Data block ::
++++++++++++++++++++

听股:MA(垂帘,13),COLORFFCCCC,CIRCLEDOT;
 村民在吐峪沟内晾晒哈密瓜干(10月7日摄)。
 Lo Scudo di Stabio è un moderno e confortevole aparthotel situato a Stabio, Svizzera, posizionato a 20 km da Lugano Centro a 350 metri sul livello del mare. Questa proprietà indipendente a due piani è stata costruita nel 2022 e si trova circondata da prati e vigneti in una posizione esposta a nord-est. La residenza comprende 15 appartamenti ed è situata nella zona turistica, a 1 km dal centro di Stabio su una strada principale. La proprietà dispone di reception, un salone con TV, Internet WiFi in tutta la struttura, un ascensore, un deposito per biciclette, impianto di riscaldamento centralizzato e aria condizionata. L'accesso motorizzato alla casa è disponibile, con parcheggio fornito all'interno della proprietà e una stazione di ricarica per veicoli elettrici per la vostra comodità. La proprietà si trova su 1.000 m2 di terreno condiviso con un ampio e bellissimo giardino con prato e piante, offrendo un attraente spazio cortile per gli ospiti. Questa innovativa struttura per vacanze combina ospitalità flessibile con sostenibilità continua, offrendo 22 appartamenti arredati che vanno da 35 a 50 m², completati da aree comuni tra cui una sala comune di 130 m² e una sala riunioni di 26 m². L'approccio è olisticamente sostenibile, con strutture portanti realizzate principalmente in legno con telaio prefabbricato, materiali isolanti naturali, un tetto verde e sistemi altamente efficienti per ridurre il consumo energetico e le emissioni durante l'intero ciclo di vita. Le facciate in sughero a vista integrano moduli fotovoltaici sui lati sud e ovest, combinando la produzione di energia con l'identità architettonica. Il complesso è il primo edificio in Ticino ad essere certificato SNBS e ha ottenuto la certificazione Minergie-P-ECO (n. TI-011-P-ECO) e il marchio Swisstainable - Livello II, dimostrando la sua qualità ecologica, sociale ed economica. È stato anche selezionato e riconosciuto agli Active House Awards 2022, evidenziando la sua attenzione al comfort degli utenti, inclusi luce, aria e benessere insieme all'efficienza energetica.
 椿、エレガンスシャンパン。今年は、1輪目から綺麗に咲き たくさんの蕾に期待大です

++++++++++++++++++++

Exercise instructions ::
Nothing but the lines from the one with "Lo Scudo di" through the last line of the data should appear; print them exactly.

Response area ::
 Lo Scudo di Stabio è un moderno e confortevole aparthotel situato a Stabio, Svizzera, posizionato a 20 km da Lugano Centro a 350 metri sul livello del mare. Questa proprietà indipendente a due piani è stata costruita nel 2022 e si trova circondata da prati e vigneti in una posizione esposta a nord-est. La residenza comprende 15 appartamenti ed è situata nella zona turistica, a 1 km dal centro di Stabio su una strada principale. La proprietà dispone di reception, un salone con TV, Internet WiFi in tutta la struttura, un ascensore, un deposito per biciclette, impianto di riscaldamento centralizzato e aria condizionata. L'accesso motorizzato alla casa è disponibile, con parcheggio fornito all'interno della proprietà e una stazione di ricarica per veicoli elettrici per la vostra comodità. La proprietà si trova su 1.000 m2 di terreno condiviso con un ampio e bellissimo giardino con prato e piante, offrendo un attraente spazio cortile per gli ospiti. Questa innovativa struttura per vacanze combina ospitalità flessibile con sostenibilità continua, offrendo 22 appartamenti arredati che vanno da 35 a 50 m², completati da aree comuni tra cui una sala comune di 130 m² e una sala riunioni di 26 m². L'approccio è olisticamente sostenibile, con strutture portanti realizzate principalmente in legno con telaio prefabbricato, materiali isolanti naturali, un tetto verde e sistemi altamente efficienti per ridurre il consumo energetico e le emissioni durante l'intero ciclo di vita. Le facciate in sughero a vista integrano moduli fotovoltaici sui lati sud e ovest, combinando la produzione di energia con l'identità architettonica. Il complesso è il primo edificio in Ticino ad essere certificato SNBS e ha ottenuto la certificazione Minergie-P-ECO (n. TI-011-P-ECO) e il marchio Swisstainable - Livello II, dimostrando la sua qualità ecologica, sociale ed economica. È stato anche selezionato e riconosciuto agli Active House Awards 2022, evidenziando la sua attenzione al comfort degli utenti, inclusi luce, aria e benessere insieme all'efficienza energetica.
 椿、エレガンスシャンパン。今年は、1輪目から綺麗に咲き たくさんの蕾に期待大です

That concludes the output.